Concernant les perspectives de recherche, une étude de type sémiologique devient
incontournable, tant l’iconographie, les photos et les articles de presse abondent. Si le cliché
sportif semble le plus représenté, viennent ensuite les photos officielles avec les sponsors, les
agapes, les photos de « couloirs », de « coulisses » et celles représentant d’autres sports que le
football. L’iconographie pourrait être approchée33 à travers la mesure de sa présence dans la
presse française : choisir soit un journal, soit une période particulière, soit un journaliste
d’abord indépendant, puis « adoubé » par le club34 et repérer les invariances et les ruptures.
Toutefois, la question principale (d’ailleurs posée au cours de notre communication)
concerne la scénographie : « Alors ce musée, va-t-il voir le jour ? » Il est bien inscrit dans les
projets de réfection du stade ou/et dans celui de la construction d’une nouvelle enceinte.
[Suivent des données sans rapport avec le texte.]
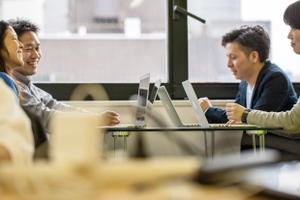 打ち合わせの風景。自由に使えるオープンスペースも多数あります。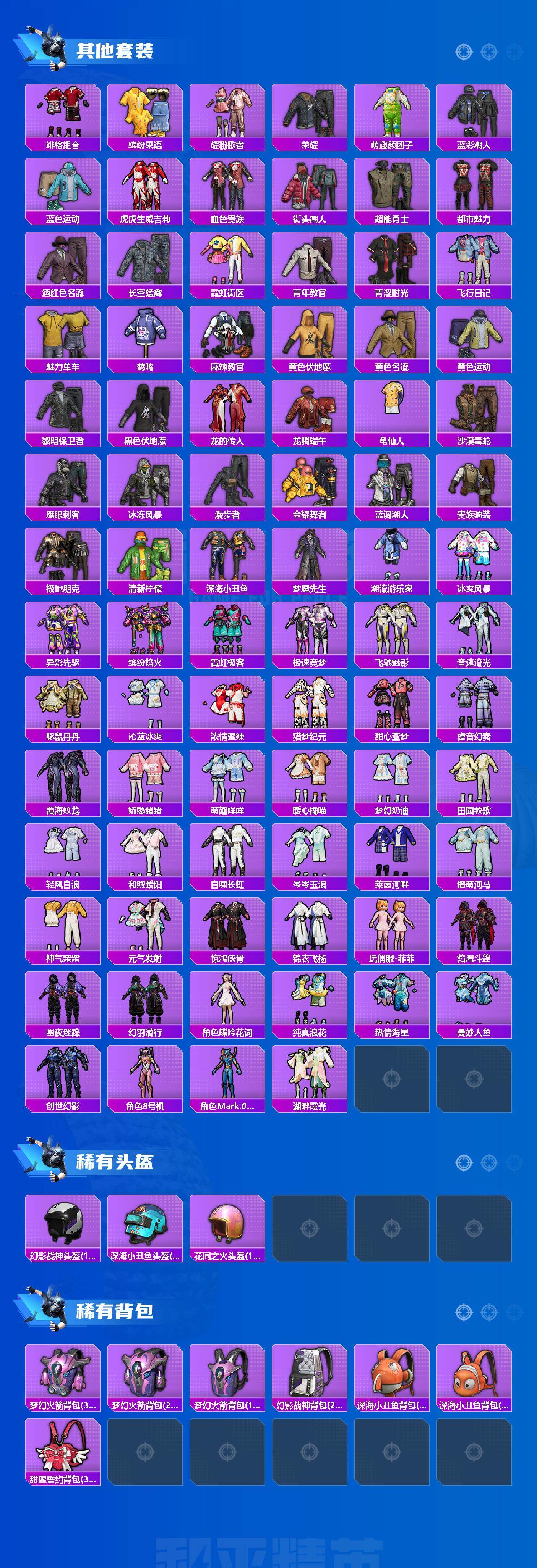 套装-深海小丑鱼,套装-薄荷物语,套装-炙焰牛王,角色-复仇流浪者,套装-垂柳戏鸭,套装-朗月武圣,套装-金丰海韵,套装-鹰眼刺客,套装-梦魇先生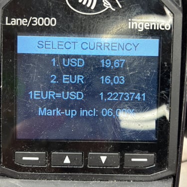 After you tap your card or phone, you will be prompted to pay in your HOME currency or in the LOCAL currency. With this photo example, we were prompted to choose our payment in USD or in Euro. If we chose USD, the store would complete the international conversion and charge us a fee on top of it. The total conversion would be €1,2273741 even though the internation rate for banks that day was €1,1671. Instead, we chose to pay in Euro which then forces the store and the credit card to use the international rate of the day.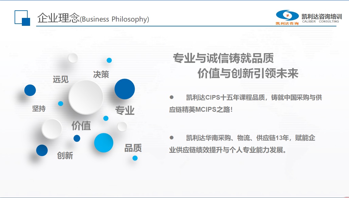 电话:(86)-755-26491993 13352982853 Email:caliberconsultingsz@gmail.com QQ: 271317094, 515710461, 974760834 微信咨询:CaliberConsulting (13352982853), 企业公众微信号:CaliberConsultingPub (凯利达采购物流供应链) 南山培训点地址:深圳市南山区东滨路与南新路交界处南侨商务酒店8楼803室(南新路1003号荔源大厦) 福田培训点电话:(86)-755-26491993 QQ:515710461 福田培训点地址:深圳市福田区福中路17号国际人才大厦5楼519室 广州培训点地址:广州市天河区环市东路水荫路水荫直街7天翔云楼宾馆后付楼4楼419室或主楼301室 总部地址:深圳市南山区创业路怡海广场东座写字楼2802室 |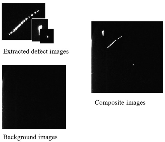 The defect mask image, generated after image segmentation, is a binary image composed of 0 and 1. We multiply the original image with the mask image to acquire a completely extracted region with only the defect itself, and then eliminate the background area. If an image with a size of

Le
problème, c’est que Geoffroy Guichard est la propriété de « Saint-Étienne-Métropole » et que
les municipalités composant la communauté d’agglomération sont lourdement endettées, en
particulier la première d’entre elles (Saint-Étienne) qui l’est encore plus douloureusement… à
moins que le groupe « Bouygues-Vivendi » ne vienne combler les manques ? Mais, à ce jour,
une étape intermédiaire paraît plus réaliste : la constitution d’un musée virtuel sur Internet, ce
qui questionne l’historien quant à la méthodologie choisie pour aborder ce nouveau corpus…
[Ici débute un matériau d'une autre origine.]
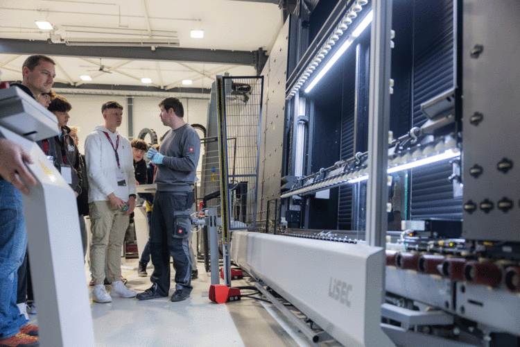 Außerdem bestand wieder die Möglichkeit live zuzusehen, wie ein Isolierglaselement gefertigt wird. An dieser Station erhielten die Schüler:innen Informationen über den Aufbau eines Isolierglases und weitere Auskünfte über die LiSEC Maschinen.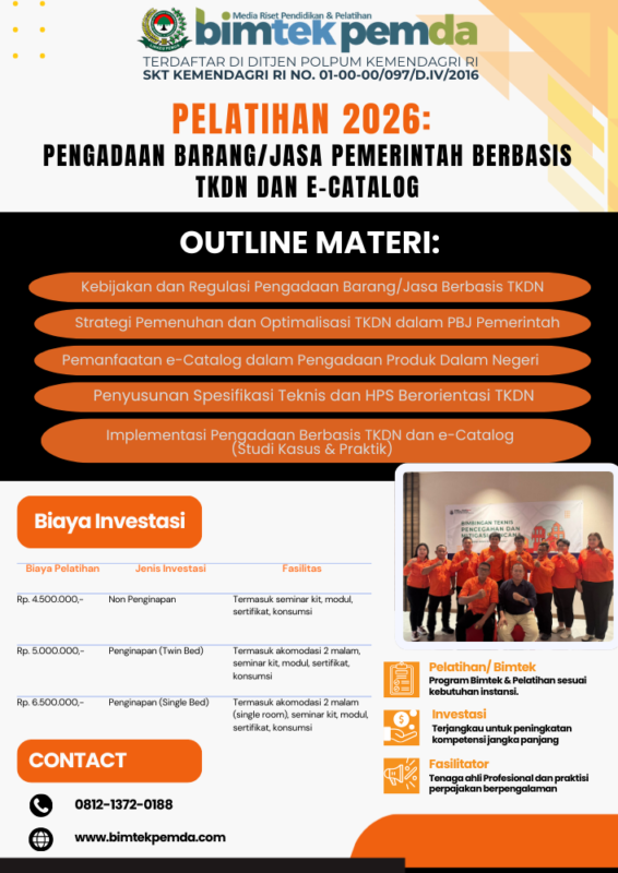 08 Jan Bimtek Pemda Pelatihan 2026: Pengadaan Barang/Jasa Pemerintah Berbasis TKDN dan e-Catalog Ditulis oleh Pusat Diklat Pemerintahan 08/01/2026 Lanjutkan membaca

Mots clef : Football, A.S. Saint-Étienne, Musée, Patrimoine, Média.
32 Chazaud, Pierre, La notion de patrimoine sportif Regard historique et politique, in Les Cahiers Espaces, n°88 :
Patrimoine sportif et tourisme, mai 2006, pp. 13-15 et Bromberger, Christian, De la notion de patrimoine sportif,
in Les Cahiers Espaces, n°88 : Patrimoine sportif et tourisme, mai 2006, pp. 8-12. 33 Guillain, Jean-Yves, Valorisation du patrimoine mobilier sportif, in Les Cahiers Espaces, n° 88, mai 2006, pp.
78-85 et Guillain, Jean-Yves, Les affiches sportives durant l’entre-deux-guerres 1919-1939, Thèse S.T.A.P.S.,
Université Claude Bernard Lyon 1, 2006. 34 Notamment Pierre Legalery.